Please output the section of the listing below that opens with the line containing "(7M 50LEDs Solar" and closes with the line containing "該套共分二十個柜400余種物", exactly and with nothing else.

┌─ Dataset content

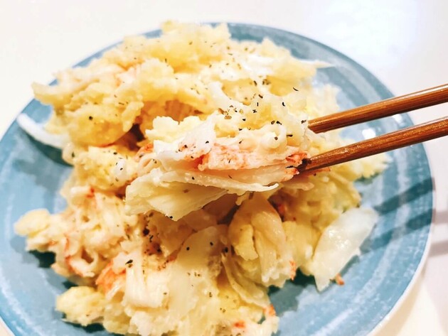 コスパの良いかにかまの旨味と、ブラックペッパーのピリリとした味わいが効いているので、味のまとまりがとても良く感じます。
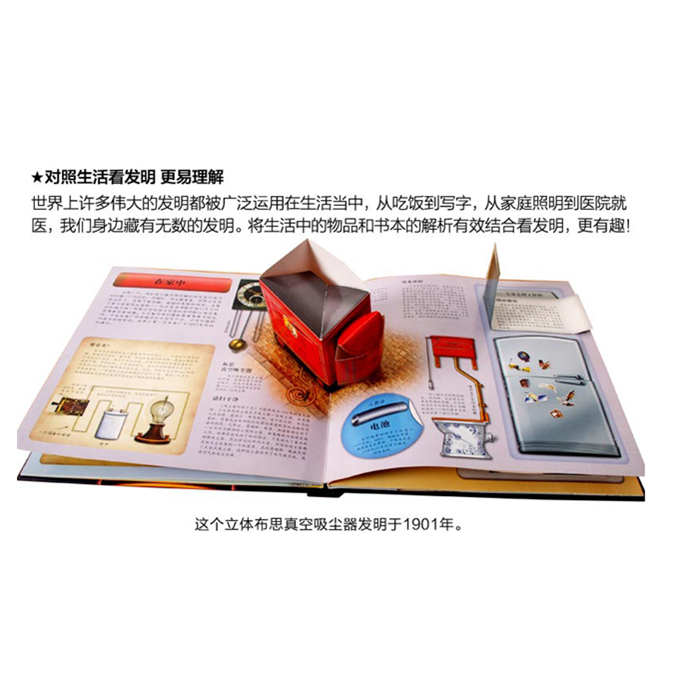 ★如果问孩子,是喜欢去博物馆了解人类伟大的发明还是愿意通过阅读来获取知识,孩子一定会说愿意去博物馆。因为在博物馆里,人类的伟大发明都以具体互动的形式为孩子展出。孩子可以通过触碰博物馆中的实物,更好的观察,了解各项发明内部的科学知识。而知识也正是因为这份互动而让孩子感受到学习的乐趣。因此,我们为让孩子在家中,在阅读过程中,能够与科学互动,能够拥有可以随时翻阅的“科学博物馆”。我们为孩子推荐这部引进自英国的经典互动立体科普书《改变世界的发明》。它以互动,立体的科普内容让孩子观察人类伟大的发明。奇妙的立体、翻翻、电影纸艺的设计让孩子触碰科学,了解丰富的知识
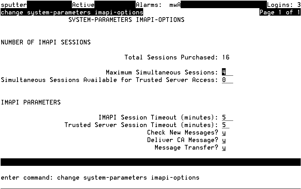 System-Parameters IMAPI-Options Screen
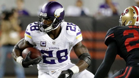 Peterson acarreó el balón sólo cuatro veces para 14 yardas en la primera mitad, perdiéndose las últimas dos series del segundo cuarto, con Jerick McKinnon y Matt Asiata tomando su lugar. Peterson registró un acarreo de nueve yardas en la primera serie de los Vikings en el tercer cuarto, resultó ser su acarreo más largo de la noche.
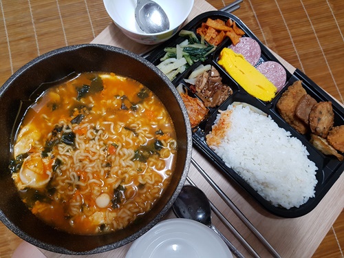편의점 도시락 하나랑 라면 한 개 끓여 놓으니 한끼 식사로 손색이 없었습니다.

└─
┌─ Dataset content

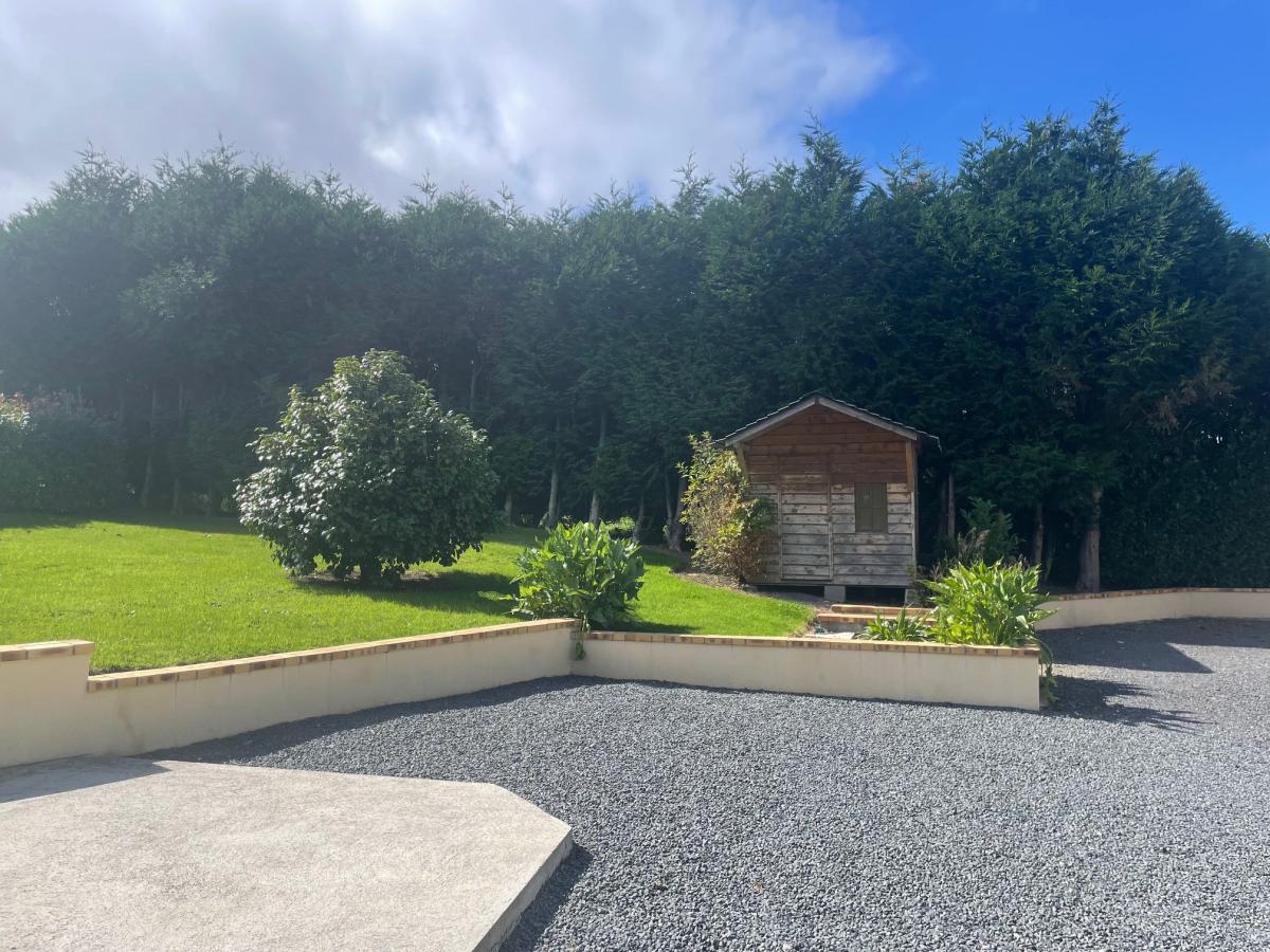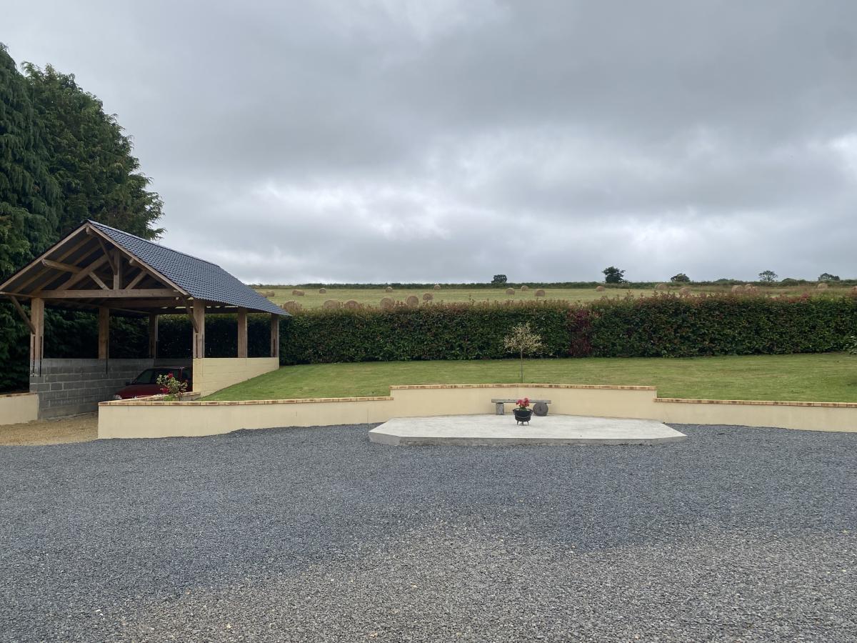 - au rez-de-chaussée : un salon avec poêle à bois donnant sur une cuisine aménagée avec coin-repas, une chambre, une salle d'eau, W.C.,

└─
┌─ Dataset content

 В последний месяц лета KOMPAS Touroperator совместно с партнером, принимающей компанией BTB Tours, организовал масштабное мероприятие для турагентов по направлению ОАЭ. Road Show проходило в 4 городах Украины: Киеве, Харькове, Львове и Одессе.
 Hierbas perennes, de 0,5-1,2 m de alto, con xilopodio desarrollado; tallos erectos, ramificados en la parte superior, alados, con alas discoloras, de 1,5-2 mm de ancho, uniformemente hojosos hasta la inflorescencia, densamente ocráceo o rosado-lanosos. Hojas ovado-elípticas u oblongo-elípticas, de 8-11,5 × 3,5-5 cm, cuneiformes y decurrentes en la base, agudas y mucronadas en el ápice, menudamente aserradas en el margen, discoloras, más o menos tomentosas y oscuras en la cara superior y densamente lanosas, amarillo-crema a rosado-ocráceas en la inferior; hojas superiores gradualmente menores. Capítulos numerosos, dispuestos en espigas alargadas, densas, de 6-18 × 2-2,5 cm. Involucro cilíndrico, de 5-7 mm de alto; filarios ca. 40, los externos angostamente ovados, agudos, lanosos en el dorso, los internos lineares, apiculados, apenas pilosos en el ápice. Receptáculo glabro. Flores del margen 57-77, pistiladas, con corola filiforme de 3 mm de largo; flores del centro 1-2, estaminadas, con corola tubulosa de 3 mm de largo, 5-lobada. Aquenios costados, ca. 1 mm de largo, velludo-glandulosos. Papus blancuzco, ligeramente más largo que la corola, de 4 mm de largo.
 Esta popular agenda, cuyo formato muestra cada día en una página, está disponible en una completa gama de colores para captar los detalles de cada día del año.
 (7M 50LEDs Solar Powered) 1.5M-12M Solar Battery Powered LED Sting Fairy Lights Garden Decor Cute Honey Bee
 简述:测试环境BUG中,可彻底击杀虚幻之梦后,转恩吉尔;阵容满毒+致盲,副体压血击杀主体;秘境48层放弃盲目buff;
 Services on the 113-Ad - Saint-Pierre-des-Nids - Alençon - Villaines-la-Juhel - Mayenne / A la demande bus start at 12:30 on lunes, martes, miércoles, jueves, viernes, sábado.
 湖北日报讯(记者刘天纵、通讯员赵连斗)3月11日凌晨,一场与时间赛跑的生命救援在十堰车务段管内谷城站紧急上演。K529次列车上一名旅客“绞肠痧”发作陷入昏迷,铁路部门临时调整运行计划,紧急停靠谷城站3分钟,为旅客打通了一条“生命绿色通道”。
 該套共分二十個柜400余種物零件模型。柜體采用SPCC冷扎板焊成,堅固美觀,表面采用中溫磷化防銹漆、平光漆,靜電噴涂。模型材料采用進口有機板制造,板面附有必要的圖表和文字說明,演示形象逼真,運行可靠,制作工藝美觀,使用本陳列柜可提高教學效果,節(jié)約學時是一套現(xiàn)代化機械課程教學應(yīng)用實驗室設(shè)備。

└─

#### Expected output:
 (7M 50LEDs Solar Powered) 1.5M-12M Solar Battery Powered LED Sting Fairy Lights Garden Decor Cute Honey Bee
 简述:测试环境BUG中,可彻底击杀虚幻之梦后,转恩吉尔;阵容满毒+致盲,副体压血击杀主体;秘境48层放弃盲目buff;
 Services on the 113-Ad - Saint-Pierre-des-Nids - Alençon - Villaines-la-Juhel - Mayenne / A la demande bus start at 12:30 on lunes, martes, miércoles, jueves, viernes, sábado.
 湖北日报讯(记者刘天纵、通讯员赵连斗)3月11日凌晨,一场与时间赛跑的生命救援在十堰车务段管内谷城站紧急上演。K529次列车上一名旅客“绞肠痧”发作陷入昏迷,铁路部门临时调整运行计划,紧急停靠谷城站3分钟,为旅客打通了一条“生命绿色通道”。
 該套共分二十個柜400余種物零件模型。柜體采用SPCC冷扎板焊成,堅固美觀,表面采用中溫磷化防銹漆、平光漆,靜電噴涂。模型材料采用進口有機板制造,板面附有必要的圖表和文字說明,演示形象逼真,運行可靠,制作工藝美觀,使用本陳列柜可提高教學效果,節(jié)約學時是一套現(xiàn)代化機械課程教學應(yīng)用實驗室設(shè)備。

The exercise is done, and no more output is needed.